The 1920s and early 1930s were a time of industrial recession, resulting in a large number of unemployed people, and much hardship. Although the situation began to improve in the early 1930s, it took the threat of war in the late 1930s, and Ministry orders for essential war work, to allow industry to ramp-up, and work flat out again. In August 1938 there were 7,671 unemployed people in Walsall, which had fallen to just 533 by August 1940.

All kinds of products were manufactured in Walsall as part of the war effort. Shannons produced large numbers of military uniforms, Patterson and Stone made leather flying helmets, Walker Brothers made Anderson shelters, Helliwells repaired military aircraft, and T. Partridge & Company Limited built 2,000 Morrison Shelters, and carried out rapid repairs to factories that were damaged during the bombing campaign. The firm also built fire service garages in the London area, and manufactured gun shields, machine gun brackets, gun pedestals, winch casings for ships, davit frames, fulcrum brackets for tanks, flail arms for mine destroying Scorpion tanks, and parts for Bailey bridges.

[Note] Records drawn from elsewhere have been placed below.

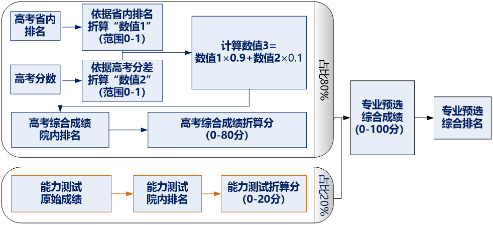 专业分流综合成绩=高考综合成绩折算分+能力测试成绩折算分
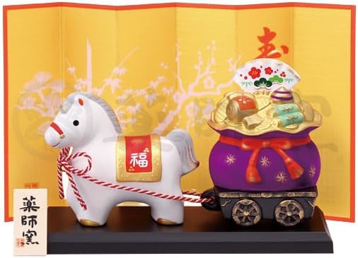 薬師窯(yakushigama) 錦彩 招福 午 (福運び) 【47】 2026年 令和8年 干支 うま 新年 置物 縁起物
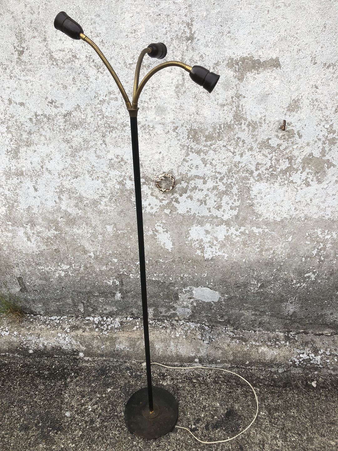 Standerlampe med 3 bøjelige arme. Patinering / rust på foden ellers pæn stand. Højde ca 150 cm
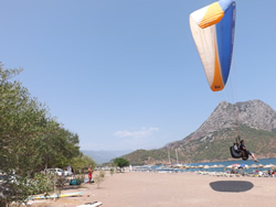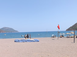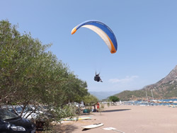The bars, restaurants had all laid claim to a section of the beach, this company offering paragliding had done just the same, people walking on the sand were shouted at to "watch out" as they came down from the sky. A young chap in his early teens had the job of folding the chutes.
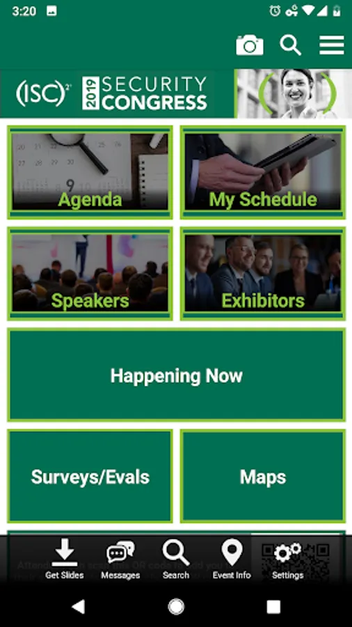 The (ISC)2 Security Congress mobile application allows you to view abstracts, presentations, speakers, and exhibitors from the annual Security Congress event. Users can take notes adjacent available presentation slides and draw directly on slides inside the app. Note-taking is also available in the exhibitor module.
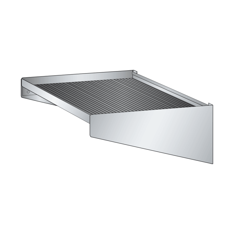 Shelf: for storing measurement and accessory tools. Can be screwed onto front of 36 x 27 E transport unit. Includes black PVC ribbed mat and fixing material. Specification: sheet steel. Colour: according to colour chart.
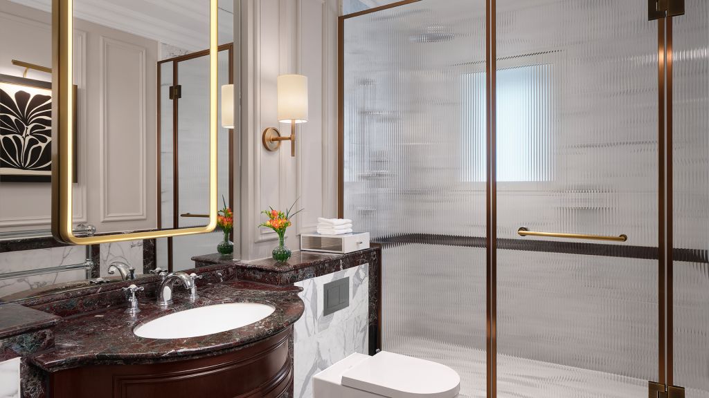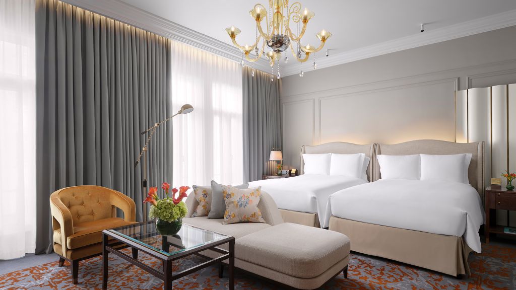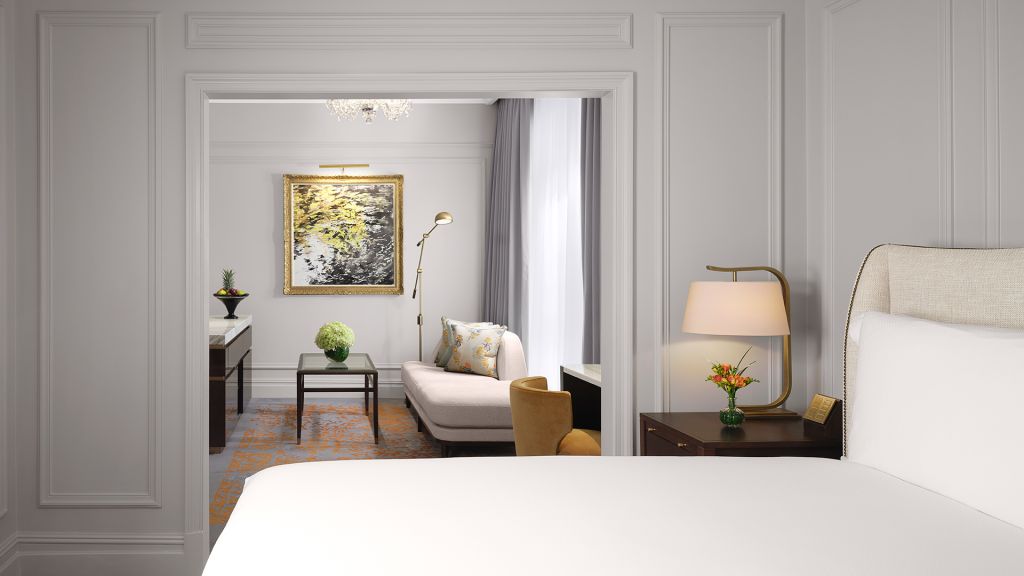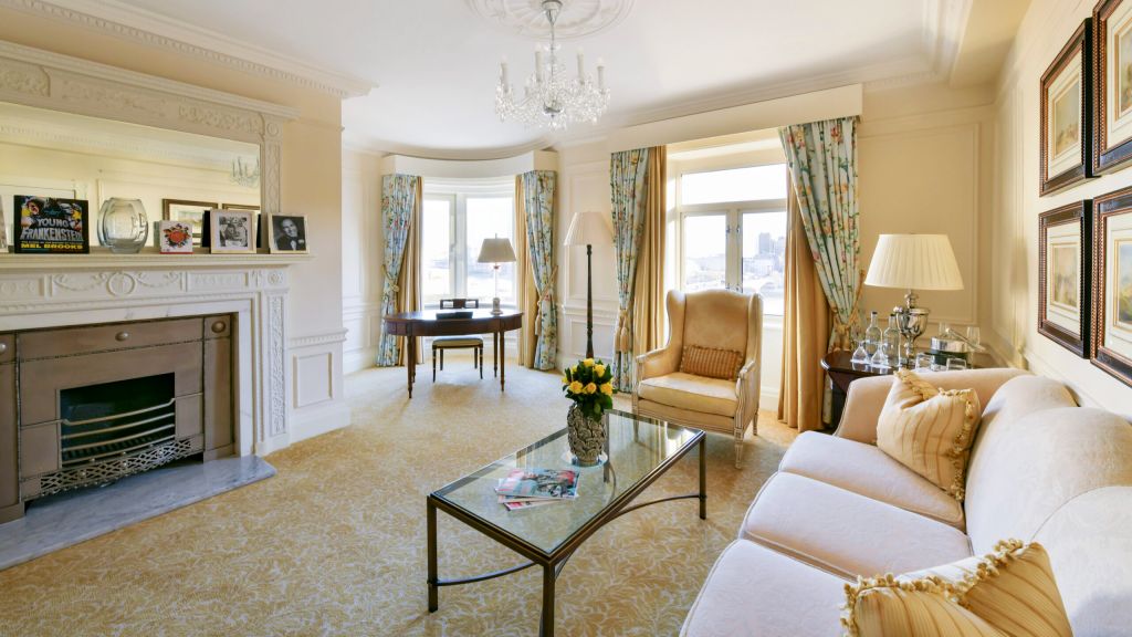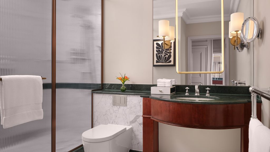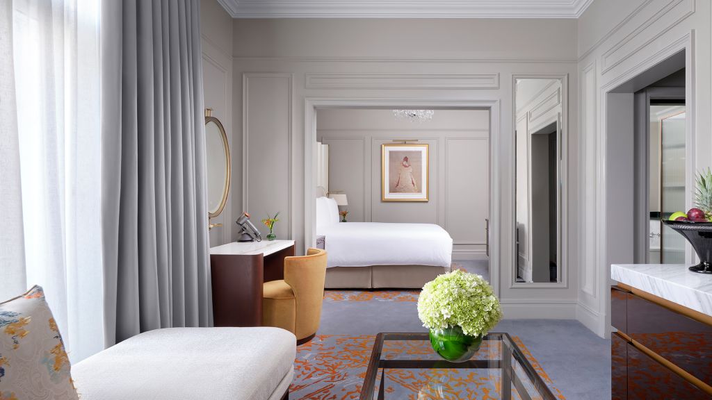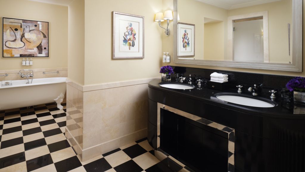 Features 1 King bed, panoramic river view, dressing table, armchair, sofa, writing desk, separate sitting room, entrance foyer, ensuite marble bathroom with freestanding claw-foot tubs and separate walk-in showers. Includes a TV, tea and coffee facilities, hair dryer, safe, bottled water, 24-hour gym access and Wi-Fi Internet. Possible to connect to a Junior Suite.

Although war seemed inevitable to many people, most would have settled for peace. It took some time for the local population to accept that war would eventually be declared, especially in September 1938 when Prime Minister Neville Chamberlain appeared to appease Hitler, and return with his misleading Munich Agreement, in which Hitler stated that he did not want to go to war. 

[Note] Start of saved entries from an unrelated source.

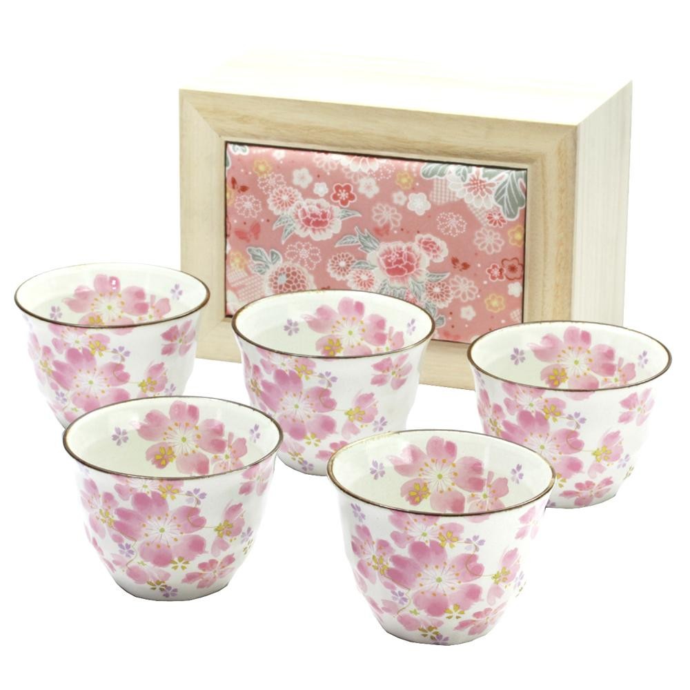 淡い色で上品に仕上げた桜柄の煎茶碗5客セットです。大切な方へのギフトにも最適です。
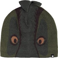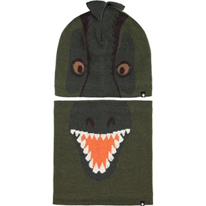 Grøn hue og halsrør i uldmix med motiv af en krokodille, som er fordelt på både huen og halsrøret.
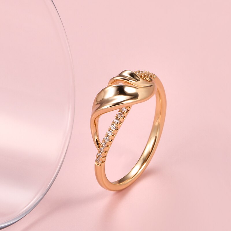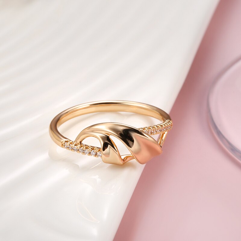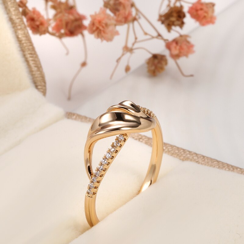 585 Gold Jewelry-585 Rose Gold White Zircon Rings Hearts and Arrows Stone Cut Ribbon Hollow Single Row Diamond Party Fashion Fine Jewelry Rings
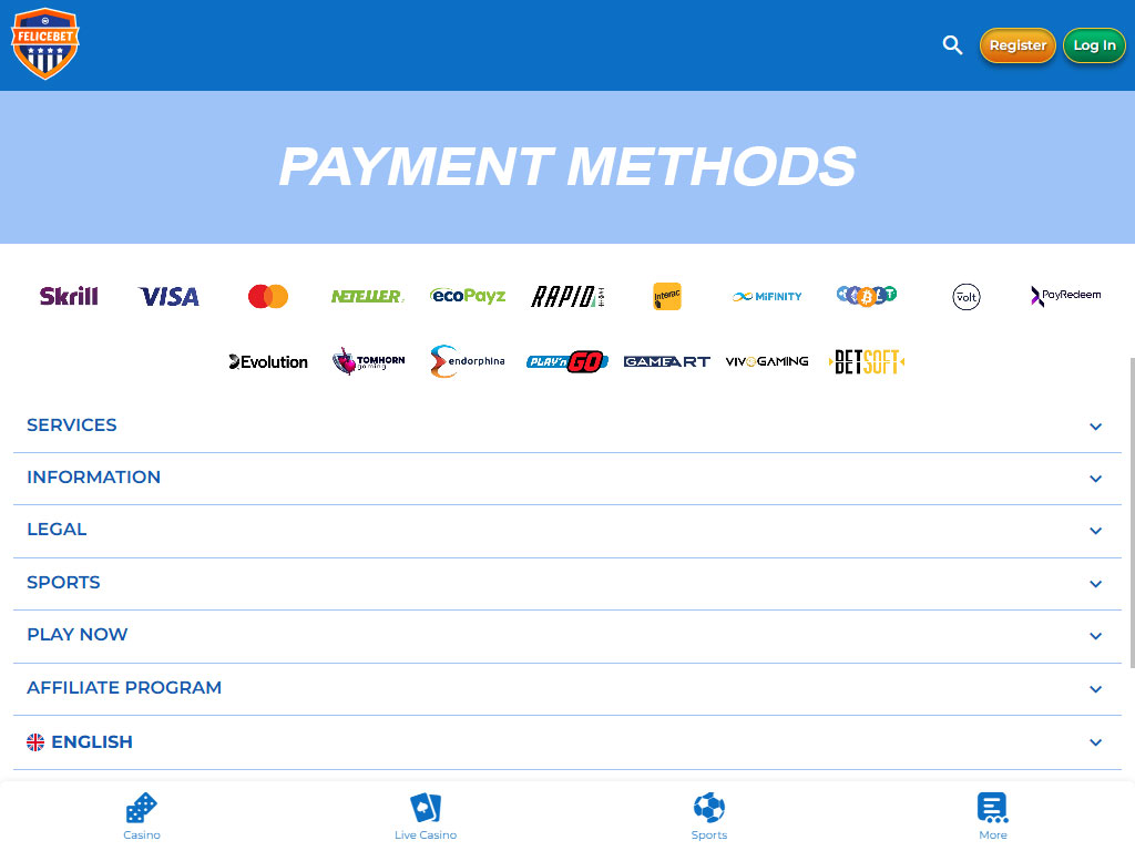 FeliceBet doesn’t publish exact withdrawal times for each payment method, but based on industry standards and the nature of the methods offered, average speeds fall into the following ranges:
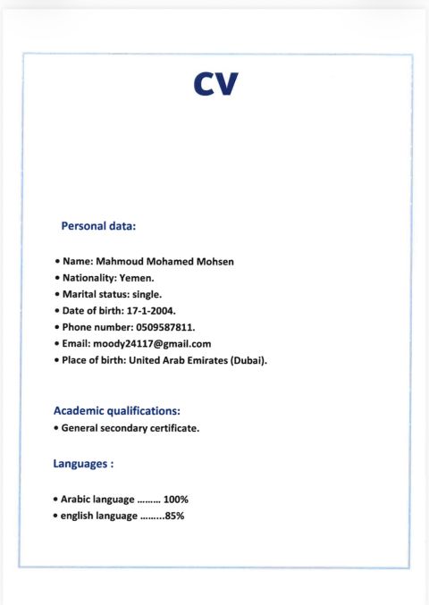 ابحث عن عمل في مجال الطباعة وتخليص المعاملات حيث انني ذو خبرة في المجال ولدي اقامة قابلة للاعارة جديدة حيث انني لدي عدة خبرة في مجالات أخرى مثل السيلز والعطور والهديا ولعب الاطفال خبرة تامة ولدي خبرة في سستم الجوازات والعمل والعمال وضمان وكتابة الاستر حمات والرسائل للمساعدات الخيريه
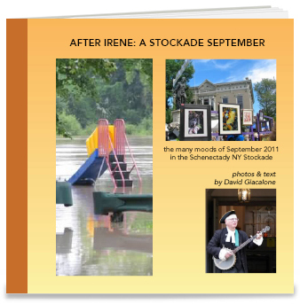 Click this link for a page-by-page preview of “After Irene, A Stockade September“: the many moods of September 2011 in the Schenectady NY Stockade“, a 32-page photobook that chronicles a particularly interesting month in the Stockade. September 2011 started with clean-up after flooding caused by the Tropical Storm phase of Hurricane Irene, followed by more flooding due to heavy rains from Tropical Storm Lee, which did not prevent the traditional Outdoor Art Show two days later; the second half of the month brought a dreamy foggy morning, and a non-traditional Walkabout day that ended in a gorgeous sunset.

On 31st March, 1937 Britain and France guaranteed to defend Poland from any attempted invasion by Germany, an agreement which would eventually lead to war. The appeasement of Hitler ended when German troops marched into Czechoslovakia in March 1939. War was eventually declared on 3rd September, 1939, two days after Germany invaded Poland. The delay in going to war had at least allowed Britain's armed forces, and the country as a whole to prepare for the inevitable struggle that lay ahead.

Air raids were seen as an obvious threat, particularly because of the development of bomber aircraft. In March 1935 the Air Raid Precautions Department was formed to oversee civil defence measures throughout the country.

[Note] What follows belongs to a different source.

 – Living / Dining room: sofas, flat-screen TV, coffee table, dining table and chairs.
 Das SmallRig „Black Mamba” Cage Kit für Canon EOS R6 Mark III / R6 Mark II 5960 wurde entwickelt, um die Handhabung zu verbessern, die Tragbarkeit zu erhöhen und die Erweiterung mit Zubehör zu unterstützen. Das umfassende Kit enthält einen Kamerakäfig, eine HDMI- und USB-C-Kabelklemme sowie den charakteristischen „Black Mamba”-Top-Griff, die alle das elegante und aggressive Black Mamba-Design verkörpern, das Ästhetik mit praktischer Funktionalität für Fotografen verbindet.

Anderson air raid shelters in a back garden in Ward Street, Walsall. Courtesy of John and Christine Ashmore.

Air Raid Precautions Acts were passed in 1937 and 1938 which required local authorities to make plans to protect the population from the effects of enemy bombing. Air raid wardens would be appointed, preparations would be made for the fire and ambulance services to deal with emergencies, and gas masks, and air raid shelters would be provided. Help was also on hand from the Women's Voluntary Service, and the Civil Defence Reserve.

By June 1938 Walsall had 850 volunteer Air Raid Wardens, known as ARP wardens, who patrolled the streets at night to ensure that no light would be visible to enemy aircraft. They would order people to put a light out, or cover a window, and could report persistent offenders to the police. They also kept a lookout for, and doused incendiary bombs whenever possible, and were trained in first aid.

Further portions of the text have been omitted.